Vor Kurzem erst haben Alica Ryba und Gerhard Roth mit der neurowissenschaftlichen Brille auf diverse psychotherapeutische Schulen geschaut und bewertet, ob diese den aktuellen wissenschaftlichen Ansprüchen gerecht und damit für Anwendung in Coaching und Beratung empfohlen werden können. Das Fazit war eindeutig und für die etablierten Klassiker in der Psychotherapie ein herber Schlag: Denn, so Ryba und Roth: Reden (alleine) reicht nicht! Interventionen müssen auf drei Ebenen ansetzen: der subjektiven Befindlichkeit, dem Verhalten und der Körperlichkeit.
Die gute Nachricht: Es gibt längst Ansätze, die auf mindestens zwei Ebenen agieren. Neben dem Generativen Coaching und der Skriptanalyse (Transaktionsanalyse) sind es Emotionsfokussiertes sowie Körperzentriertes Coaching. Ein Ansatz, der diesen Anforderungen genügt, ist das Zürcher Ressourcen Modell (ZRM®). Ein anderer Ansatz ist das bislang noch weniger bekannte – auch von Ryba und Roth noch nicht beachtete – Strategische Coaching, dass Gernot Hauke, Christina Lohr und Tania Pietrzak in der Tradition von Serge Sulz entwickelt haben. Das vorliegende Buch liefert eine tiefe und praktische Einführung in diesen Ansatz.
Strategisch heißt dieser Ansatz, weil er an der „emotionalen Überlebensstrategie“ ansetzt. Erleben und Verhalten eines Menschen werden individuell verständlich als Funktion seiner Strategie, die seiner Bedürfnisbefriedigung dient und zentrale Ängste kontrolliert. Deshalb werden von ihm spezifische Verhaltensweisen praktiziert und „verbotene“ Affekte unterdrückt.
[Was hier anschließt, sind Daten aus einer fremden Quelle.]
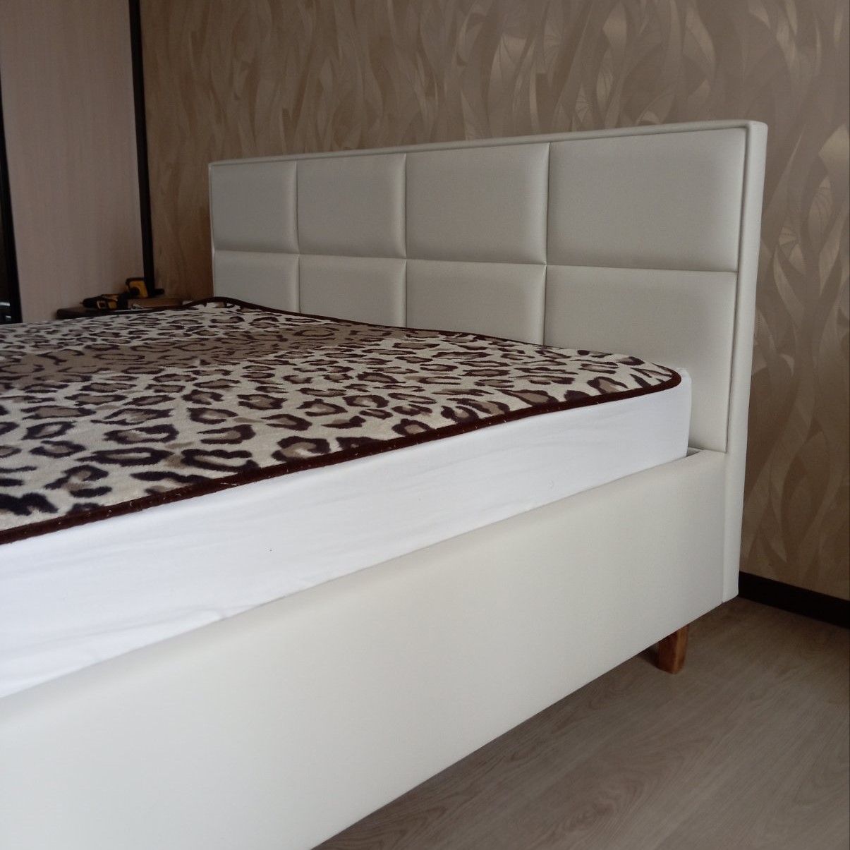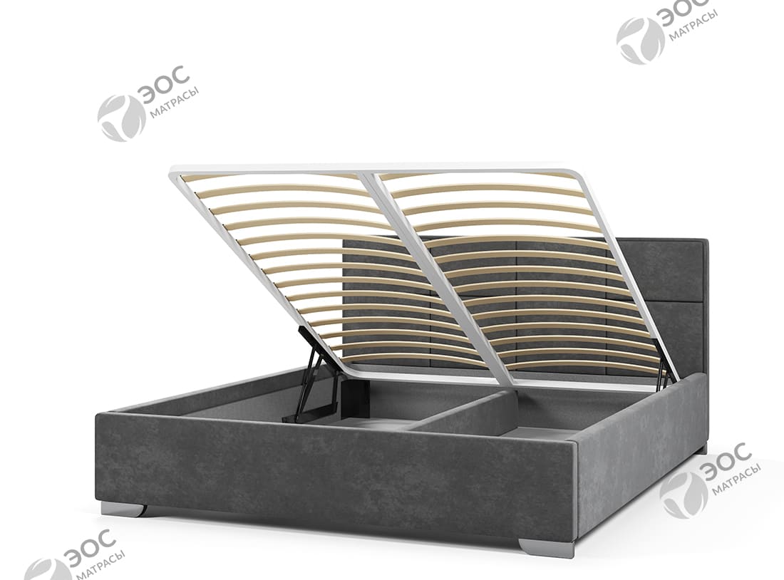Вариант обивки и цвет, выбрала на сайте, все обговорила с менеджером. Обивка очень приятная тактильно, смотрится дорого, комфортна в обиходе. Спальное место просторное. Лаконичный дизайн вписывается в современную спальню. Пользуюсь коробом, удобно.
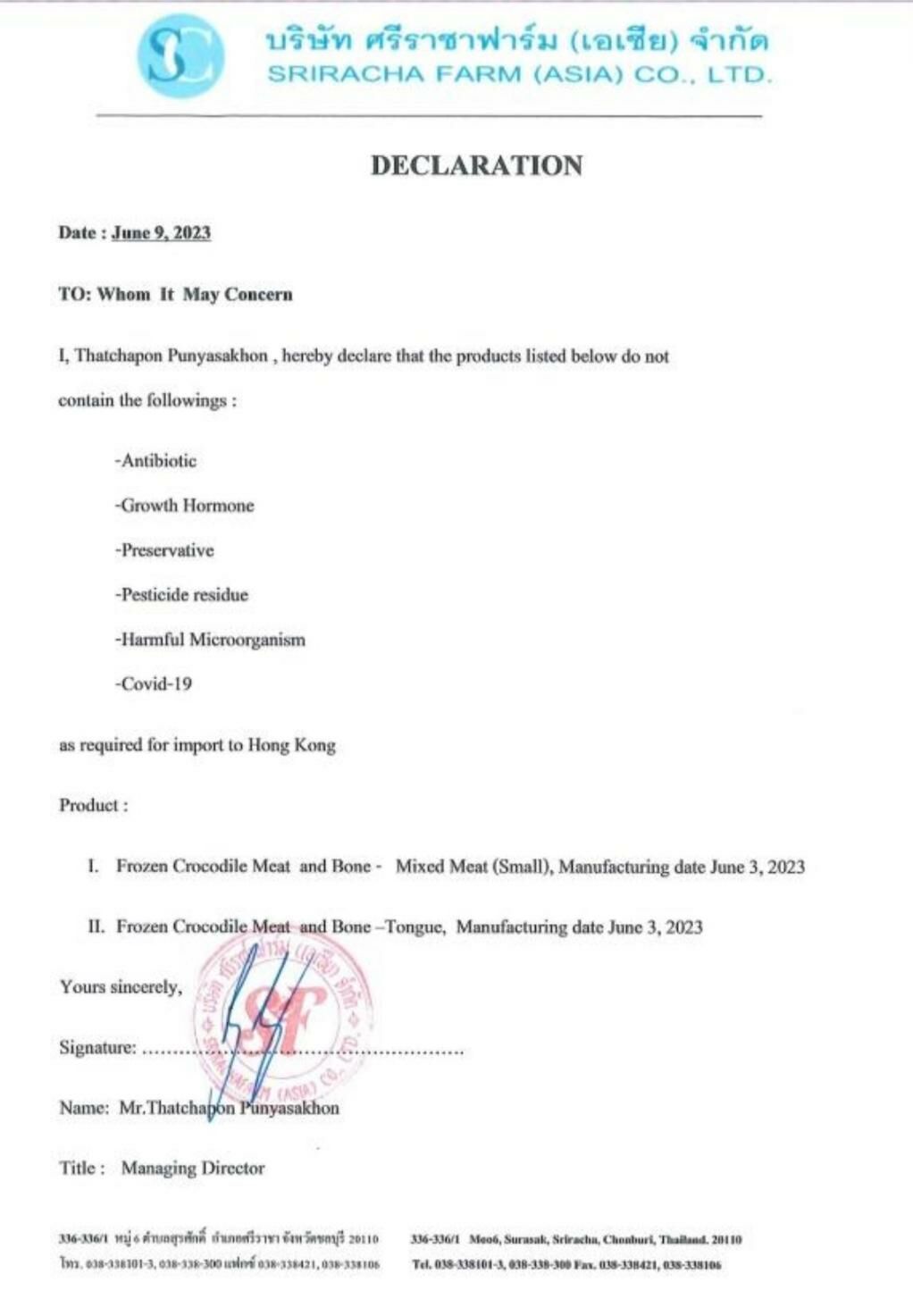 泰國無添加激素, 抗生素泰皇鱷系列:不含激素及抗生素。百份百原裝泰國入口
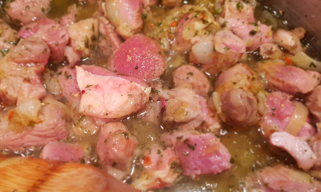 Nasjeckanu janjetinu na kocke dodati i okreniti na šugu par minuta da se zatvore pore.
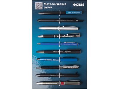 Промо-сет металлических ручек — это презентационный комплект, включающий 10 уникальных моделей с несколькими вариантами нанесения: УФ-печать, гравировка.
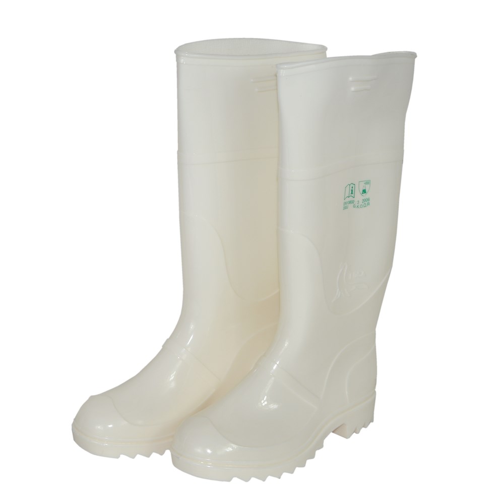Çizme plastike, të bardha për industrinë ushqimore. Materiali PVC dhe Nr.45. Prodhuar nga një material shumë cilësor dhe i virgjër prej PVC- je. Këto çizme mund të përdoren në vende me vajra, yndyrëra apo tretësira të tjera duke ju mbrojtur nga rrëshqitjet apo dëmtimet e mundshme në ambientet tuaja të punës.
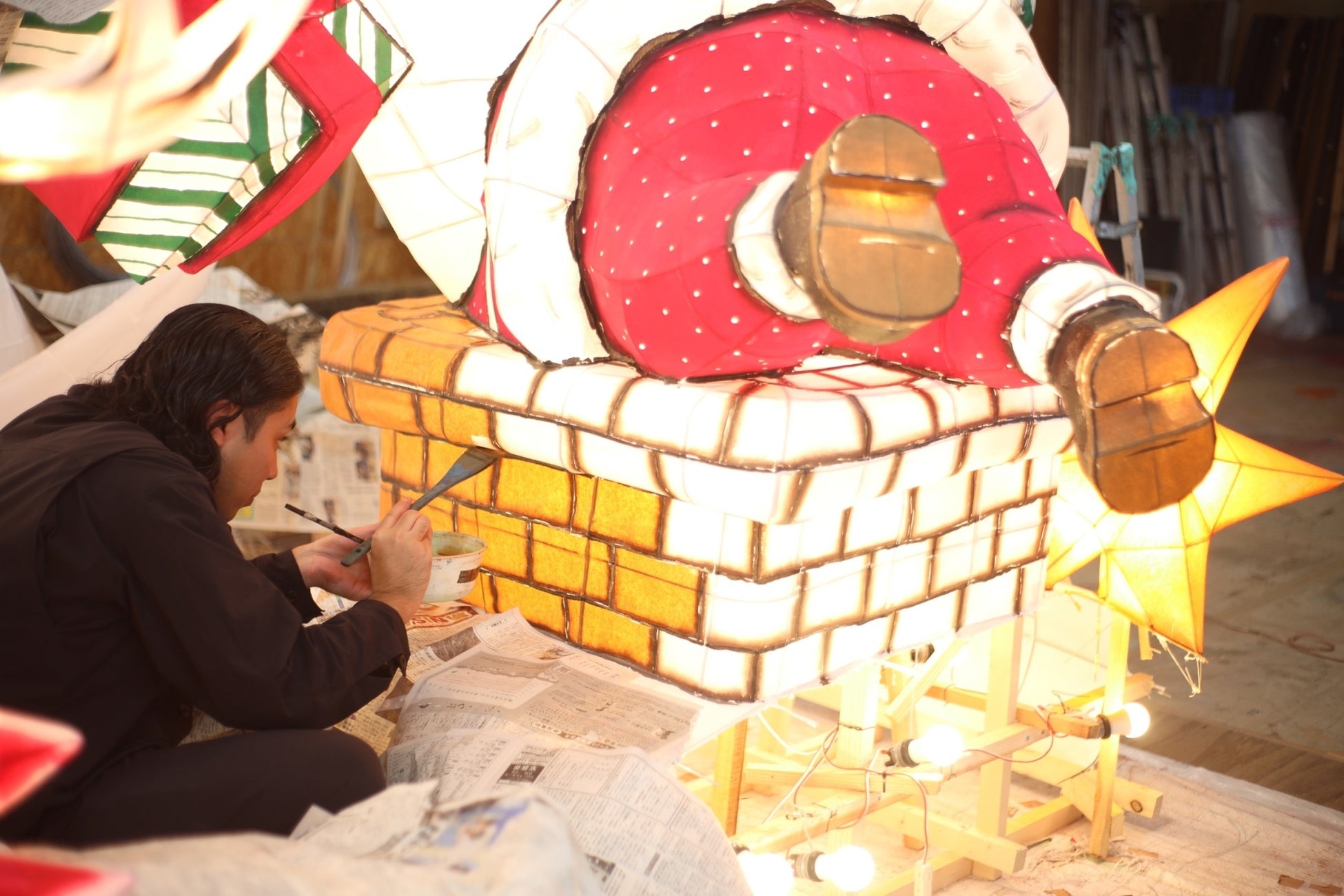 専門の配線工によって、ねぶたの内側に通常1,000個近くの照明器具が取り付けられていきます。今回のシャングリ・ラ 東京のねぶたには約200個の電球が取り付けられています。

Solche Überlebensstrategien sind Resultate der individuellen Lerngeschichte: Sie rasten unbewusst – vor allem unter Stress – ein und führen zum Erleben von Inkongruenz.
Mit dem ZRM® hat das Strategische Coaching gemeinsam, dass der Zugang zum Unbewussten über Emotionen und das körperliche Erleben (Embodiment) verläuft. Das ist intensiv – und die Lektüre des Buchs kann davon auch nur eine Ahnung vermitteln. Hilfreich ist – neben der Aufarbeitung des theoretischen Hintergrunds – die Darstellung der Methode an zahlreichen Fallbeispielen. Es beginnt mit dem Herstellen des Körperfokus durch Achtsamkeit. Das Thema wird mittels einer konkreten Situation erfasst. Emotionsmuster (Körperhaltung, Mimik, Gestik, Atem, Stimme) werden dann räumlich dargestellt und bearbeitet. Dabei werden gezielt Ressourcen aktiviert, z.B. verkörpern Werte Haltungsziele. Um von der Überlebensstrategie zur Lebensstrategie zu kommen, ist die Unterscheidung primärer und sekundärer Emotionen wichtig. Der Klient kann lernen, seine Emotionen wahrzunehmen und differenzierter sowie flexibler zu reagieren. Dies vergrößert den Möglichkeitsraum – insbesondere für Führungskräfte, worauf die Autoren zum Schluss gezielt eingehen.
Fazit: Dieses Buch reiht sich ein in die Gruppe der zukunftsträchtigen Coaching-Methoden, die Coaches unbedingt erlernen sollten.